Data excerpts:
....
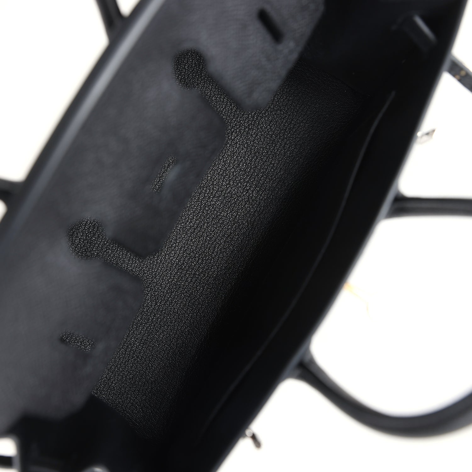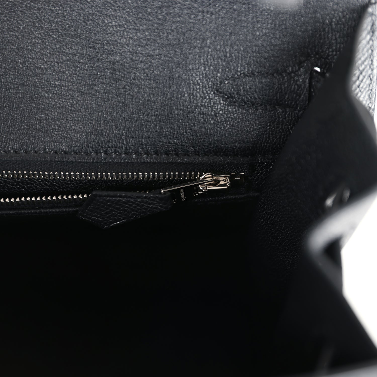 The interior is lined with Black chevre leather and has one zip pocket with an Hermes engraved zipper pull and an open pocket on the opposite side.
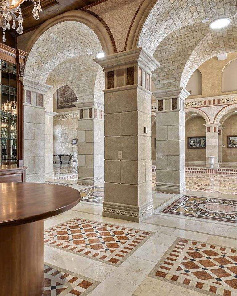 Proprietatea se întinde pe mai bine de 1.600 de metri pătrați, având tavane înalte de nouă metri, grădini extrem de îngrijite, o sală de cinema, fântâni arteziene cu jocuri de apă și chiar un spațiu pentru șapte mașini, plus loc de depozitare pentru barcă.
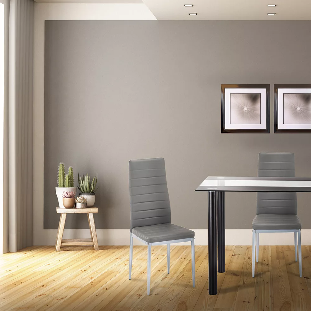 Krzesło do jadalni Tino NOVA kryje w swojej prostocie elegancję. Szare siedzisko i oparcie w połączeniu z czarnymi, malowanymi proszkowo żelaznymi nogami nadają jadalni nowoczesny wygląd.
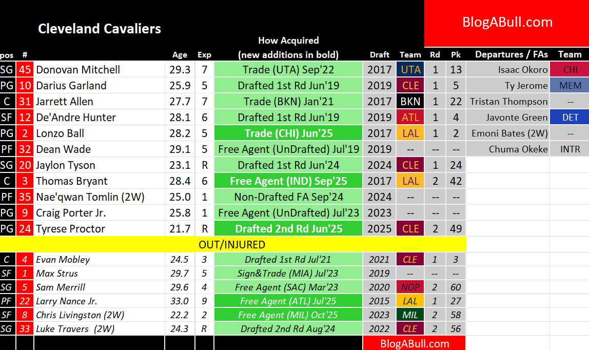 Cleveland has had a lot of regular season success but back to back playoff flame outs, opting to run it back one more time and it's going terribly. There has been some key injuries to Max Strus, Jarrett Allen, Evan Mobley (very recently) and most damagingly to Darius Garland, who has played but doesn't look 100%.
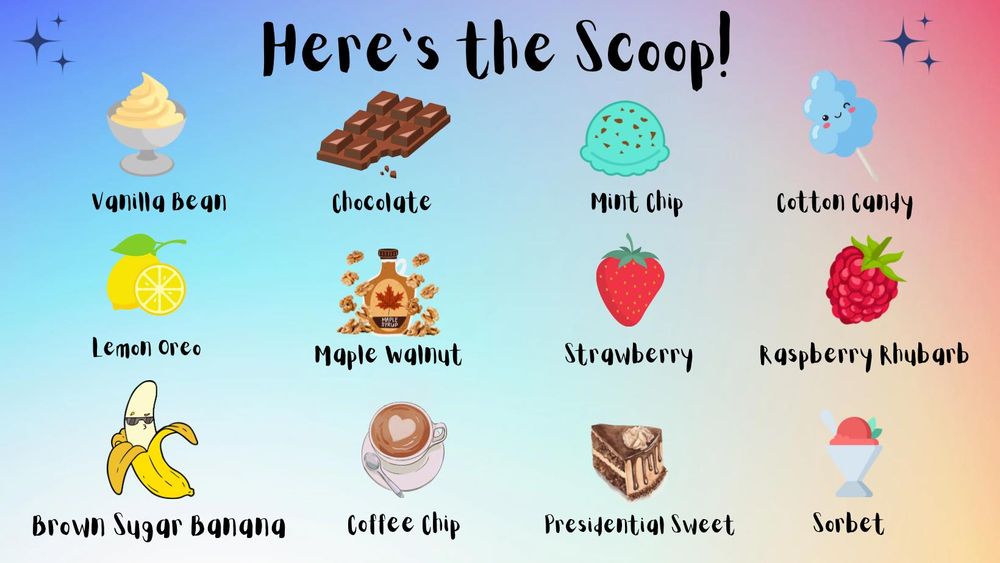 Choose a Flavor: OneVanilla Ice Cream, Chocolate Ice Cream, Strawberry Ice Cream, Marshmallow Ice Cream, Mint Ice Cream
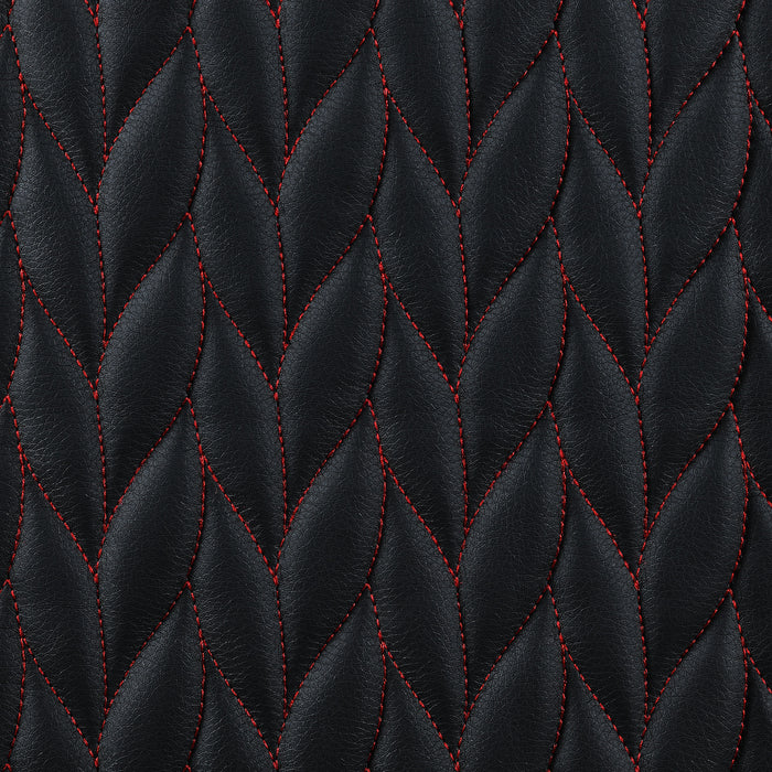 • Contemporary office chair wrapped in black leatherette with botanical-inspired herringbone pattern and red stitching details for a bold statement piece
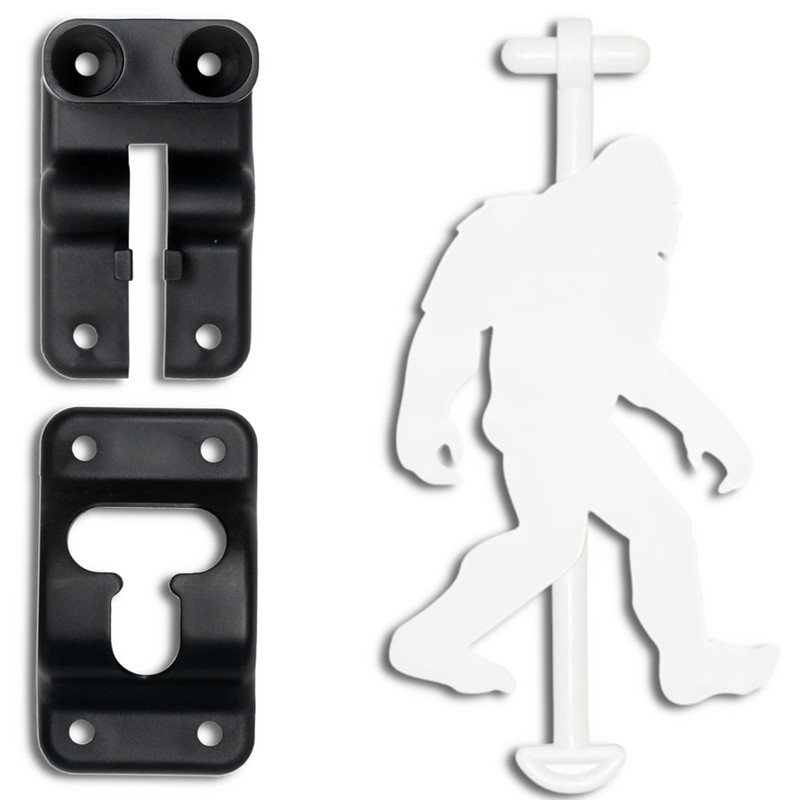 Sasqlatch Original Bigfoot - Made in Oregon, USA. Premium UV Shielded Camper Door Latch. 6" T Style RV Door Holder (Abominable Snowman AKA Yeti, Black Bracket)
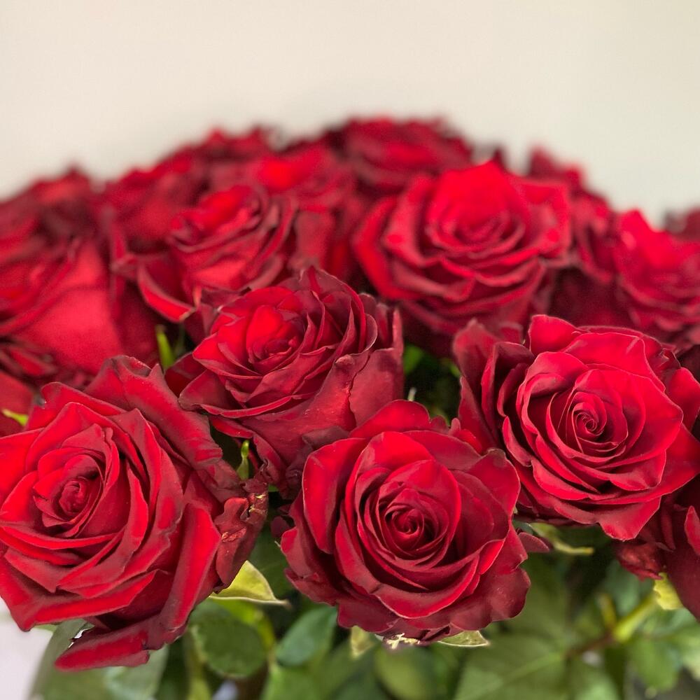 Роскошный букет из 101 красной розы. Букет 158 ALMOND ROSES
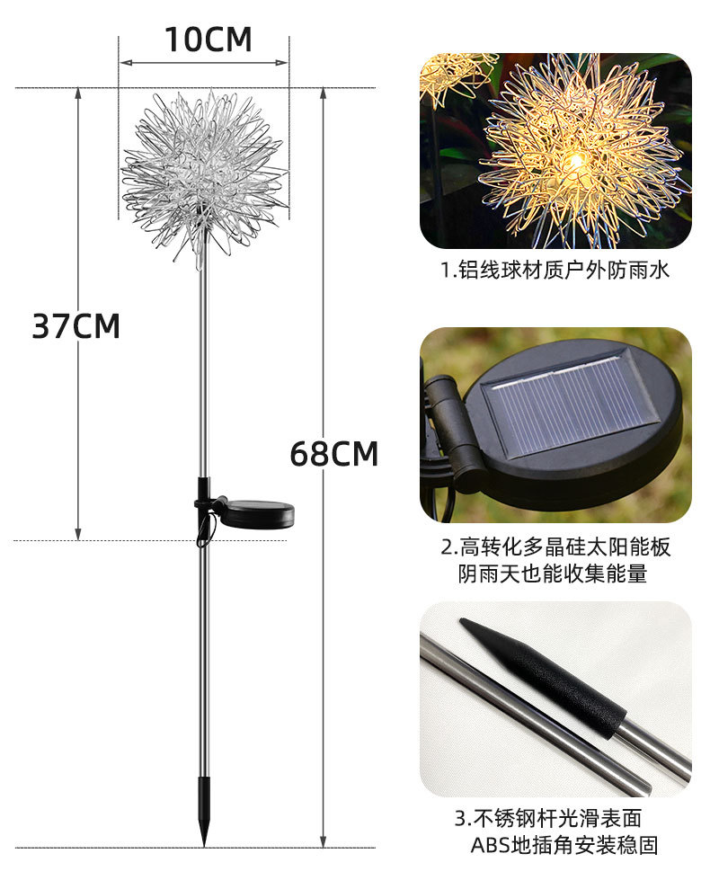 크로스 보더 태양열 알루미늄 민들레 플러그인 야외 방수 발광 알루미늄 볼 램프 안뜰 정원 잔디 램프
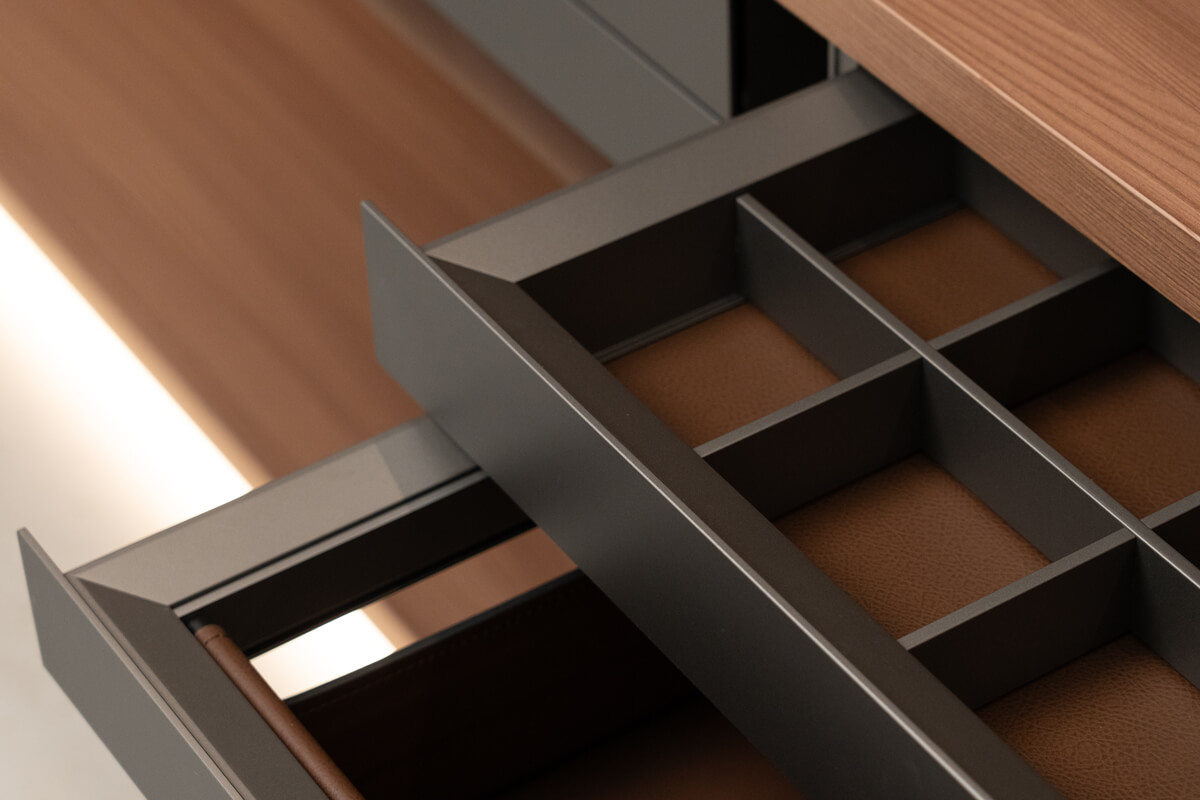 Materials are the language of our brand. We carefully select Italian-imported stone, refined wood veneers, premium European full-grain leather, high-transparency glass, and finely crafted metals.
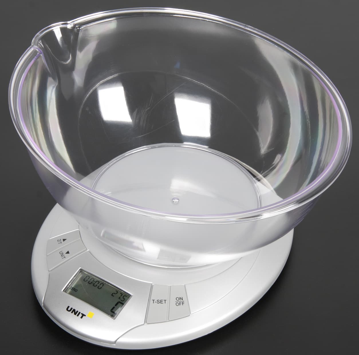 Для начала предлагаем посмотреть наш видеообзор кухонных весов Unit UBS-2155:
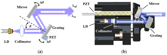 We adopted the Littrow configuration to maximize output power. The LD’s beam, after collimation, generates the first-order and the zeroth-order diffracted light at the grating. The first-order light is fed back into the laser diode, while the zeroth-order light exits as the output beam through a parallel-emitted reflecting mirror. A critical feature of our design is the co-mounting of the reflecting mirror and grating on a single bracket. Actuated by a piezoelectric transducer (PZT), the grating’s deflection is mirrored by the reflecting mirror, ensuring the output beam’s parallelism [42].
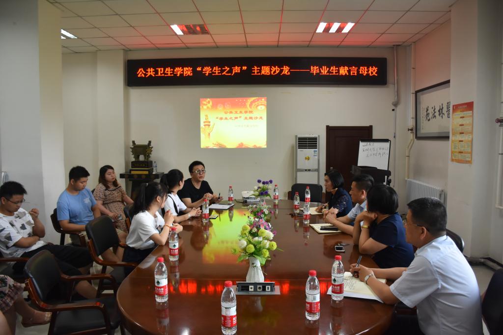 院长刘雅文,党委书记赵国利,党委副书记兼副院长、2014级辅导员刘丽,副院长魏国志,教科研办公室主任李鹏出席本次会议,2019届毕业生代表参会并积极献言献策。
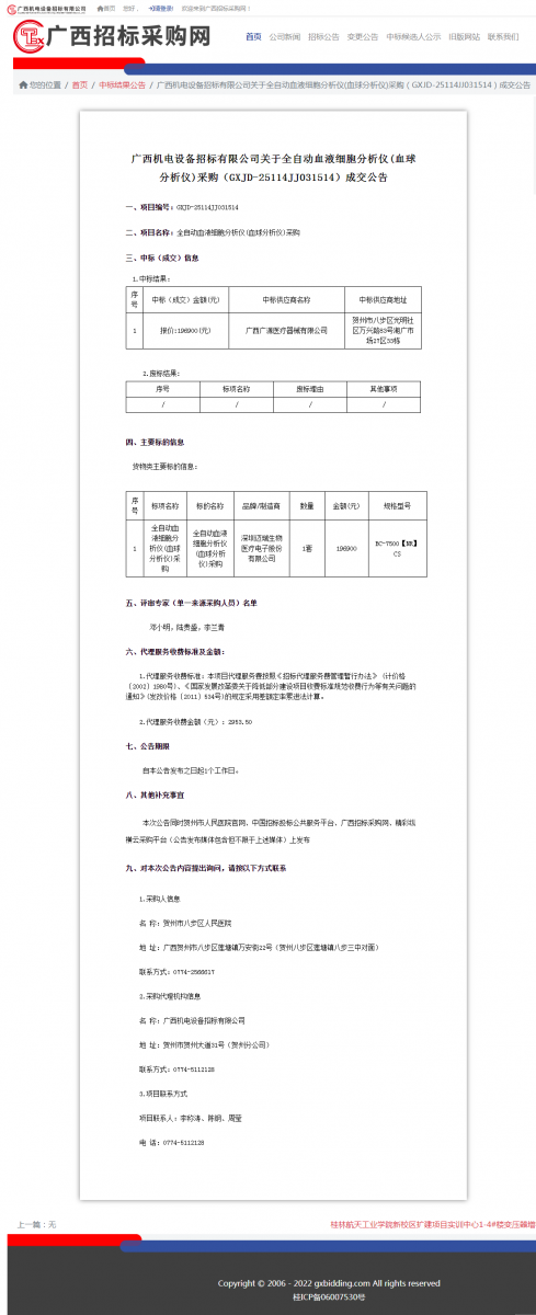全自动血液细胞分析仪(血球分析仪)采购成交公告
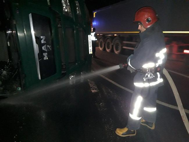 Рятувальників туди викликали працівники Дубенської міської станції швидкої медичної допомоги. Водій вантажівки МАН, яка перекинулась, перебував в автомобілі та самостійно вийти не міг. Спільно з працівниками медичної служби рятувальники дістали постраждалого з понівеченого автомобіля та передали до карети швидкої медичної допомоги. Потім змили паливно-мастильні матеріали з дороги.
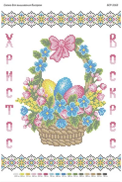 Заготовка під вишивку бісером великоднього рушничка. Друк на габардині. Розмір 27х36 см. Схема ПІД ЗАМОВЛЕННЯ у виробника (чекати до 10 робочих днів). За бажанням клієнта комплектуємо бісером.
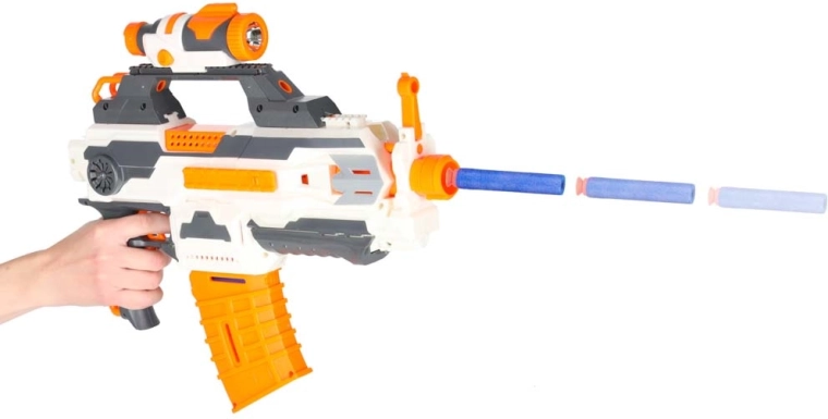 Spēle ar putu blāsteriem veicina komandas darbu, koordināciju un pirkstu motoriku aptveru ielādēšanas laikā. Lielais dāvanu iepakojums iepriecinās jau atverot – izklaide bērniem no 6 gadu vecuma un pieaugušajiem.
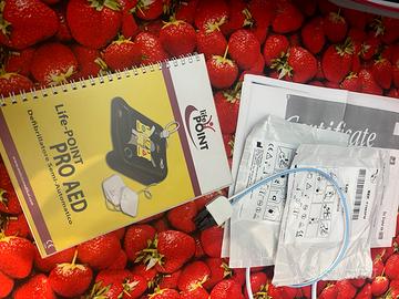 Defibrilllatore semi automatico mai usato con piastre adulti e pediatriche bambini istruzioni italiano batterie nuove! Noo perditempo
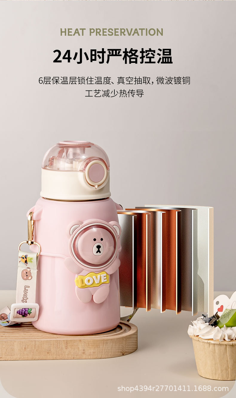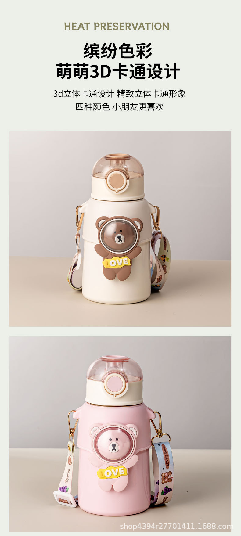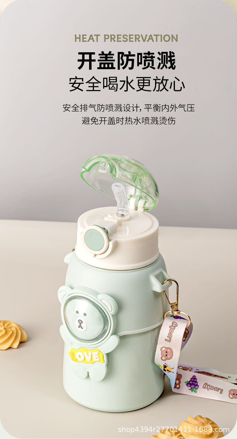 식품 등급 어린이 보온병 컵 316 스테인레스 스틸 밀짚 컵 휴대용 고가치 소녀 학생 귀여운 컵스토어 가기
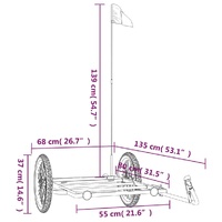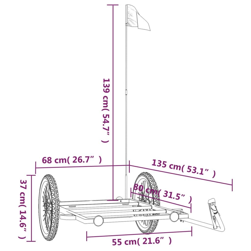 This versatile and sturdy bike trailer will be ideal for transporting heavy goods thanks to its maximum load capacity of 45 kg. Sturdy material: Iron is a strong and hard material. It's a solid favourite in industrial and furniture construction. Made of iron, this bicycle cargo trailer is very sturdy and durable.Practical design: This bike cart with a maximum load capacity of 45 kg, is perfect for hauling heavy goods like luggage, plants, tools or groceries.Considerate design: The bike trailer has a tow bar that makes it easy to connect it to a bicycle. At the same time, a safety flag is included for extra visibility.
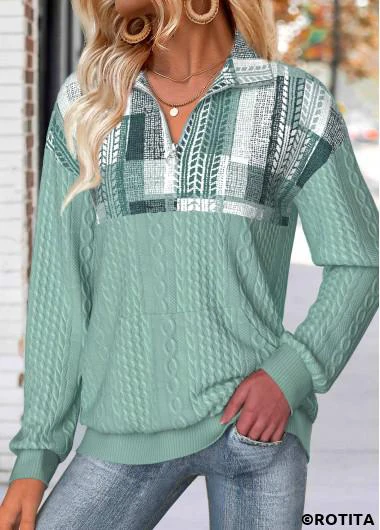 Maison > Hauts > sweats et sweats à capuche/ Sweat-shirt à manches longues vert sauge à imprimé géométrique couvrant le ventre Rotita
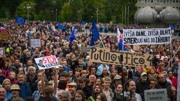 Около 10 тыс. человек приняли участие в акции протеста перед зданием правительства в Братиславе.
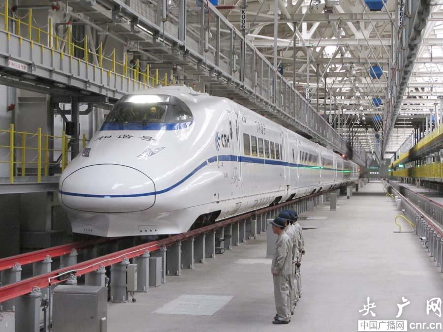 動檢車即將從烏魯木齊動車運用所駛出(央廣網(wǎng)記者 吳卓勝 攝)
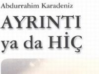 Asım Öz, bu haftaki kitap kritiğini Abdurrahim Karadeniz'in "Ayrıntı ya da Hiç" isimli kitabıyla sürdürüyor:
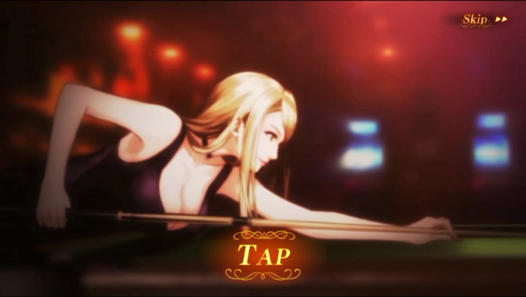 セクシーなお姉さんがビリヤードをするモーショーンが流れ、ビリヤード玉を打つタイミングを画面をタップして決めます。タップします!
....
Directions:
Every entry must be reproduced exactly, with the images left out.

Result of this exercise:
 The interior is lined with Black chevre leather and has one zip pocket with an Hermes engraved zipper pull and an open pocket on the opposite side.
 Proprietatea se întinde pe mai bine de 1.600 de metri pătrați, având tavane înalte de nouă metri, grădini extrem de îngrijite, o sală de cinema, fântâni arteziene cu jocuri de apă și chiar un spațiu pentru șapte mașini, plus loc de depozitare pentru barcă.
 Krzesło do jadalni Tino NOVA kryje w swojej prostocie elegancję. Szare siedzisko i oparcie w połączeniu z czarnymi, malowanymi proszkowo żelaznymi nogami nadają jadalni nowoczesny wygląd.
 Cleveland has had a lot of regular season success but back to back playoff flame outs, opting to run it back one more time and it's going terribly. There has been some key injuries to Max Strus, Jarrett Allen, Evan Mobley (very recently) and most damagingly to Darius Garland, who has played but doesn't look 100%.
 Choose a Flavor: OneVanilla Ice Cream, Chocolate Ice Cream, Strawberry Ice Cream, Marshmallow Ice Cream, Mint Ice Cream
 • Contemporary office chair wrapped in black leatherette with botanical-inspired herringbone pattern and red stitching details for a bold statement piece
 Sasqlatch Original Bigfoot - Made in Oregon, USA. Premium UV Shielded Camper Door Latch. 6" T Style RV Door Holder (Abominable Snowman AKA Yeti, Black Bracket)
 Роскошный букет из 101 красной розы. Букет 158 ALMOND ROSES
 크로스 보더 태양열 알루미늄 민들레 플러그인 야외 방수 발광 알루미늄 볼 램프 안뜰 정원 잔디 램프
 Materials are the language of our brand. We carefully select Italian-imported stone, refined wood veneers, premium European full-grain leather, high-transparency glass, and finely crafted metals.
 Для начала предлагаем посмотреть наш видеообзор кухонных весов Unit UBS-2155:
 We adopted the Littrow configuration to maximize output power. The LD’s beam, after collimation, generates the first-order and the zeroth-order diffracted light at the grating. The first-order light is fed back into the laser diode, while the zeroth-order light exits as the output beam through a parallel-emitted reflecting mirror. A critical feature of our design is the co-mounting of the reflecting mirror and grating on a single bracket. Actuated by a piezoelectric transducer (PZT), the grating’s deflection is mirrored by the reflecting mirror, ensuring the output beam’s parallelism [42].
 院长刘雅文,党委书记赵国利,党委副书记兼副院长、2014级辅导员刘丽,副院长魏国志,教科研办公室主任李鹏出席本次会议,2019届毕业生代表参会并积极献言献策。
全自动血液细胞分析仪(血球分析仪)采购成交公告
 Рятувальників туди викликали працівники Дубенської міської станції швидкої медичної допомоги. Водій вантажівки МАН, яка перекинулась, перебував в автомобілі та самостійно вийти не міг. Спільно з працівниками медичної служби рятувальники дістали постраждалого з понівеченого автомобіля та передали до карети швидкої медичної допомоги. Потім змили паливно-мастильні матеріали з дороги.
 Заготовка під вишивку бісером великоднього рушничка. Друк на габардині. Розмір 27х36 см. Схема ПІД ЗАМОВЛЕННЯ у виробника (чекати до 10 робочих днів). За бажанням клієнта комплектуємо бісером.
 Spēle ar putu blāsteriem veicina komandas darbu, koordināciju un pirkstu motoriku aptveru ielādēšanas laikā. Lielais dāvanu iepakojums iepriecinās jau atverot – izklaide bērniem no 6 gadu vecuma un pieaugušajiem.
 Defibrilllatore semi automatico mai usato con piastre adulti e pediatriche bambini istruzioni italiano batterie nuove! Noo perditempo
 식품 등급 어린이 보온병 컵 316 스테인레스 스틸 밀짚 컵 휴대용 고가치 소녀 학생 귀여운 컵스토어 가기
 This versatile and sturdy bike trailer will be ideal for transporting heavy goods thanks to its maximum load capacity of 45 kg. Sturdy material: Iron is a strong and hard material. It's a solid favourite in industrial and furniture construction. Made of iron, this bicycle cargo trailer is very sturdy and durable.Practical design: This bike cart with a maximum load capacity of 45 kg, is perfect for hauling heavy goods like luggage, plants, tools or groceries.Considerate design: The bike trailer has a tow bar that makes it easy to connect it to a bicycle. At the same time, a safety flag is included for extra visibility.
 Maison > Hauts > sweats et sweats à capuche/ Sweat-shirt à manches longues vert sauge à imprimé géométrique couvrant le ventre Rotita
 Около 10 тыс. человек приняли участие в акции протеста перед зданием правительства в Братиславе.
 動檢車即將從烏魯木齊動車運用所駛出(央廣網(wǎng)記者 吳卓勝 攝)
 Asım Öz, bu haftaki kitap kritiğini Abdurrahim Karadeniz'in "Ayrıntı ya da Hiç" isimli kitabıyla sürdürüyor:
 セクシーなお姉さんがビリヤードをするモーショーンが流れ、ビリヤード玉を打つタイミングを画面をタップして決めます。タップします!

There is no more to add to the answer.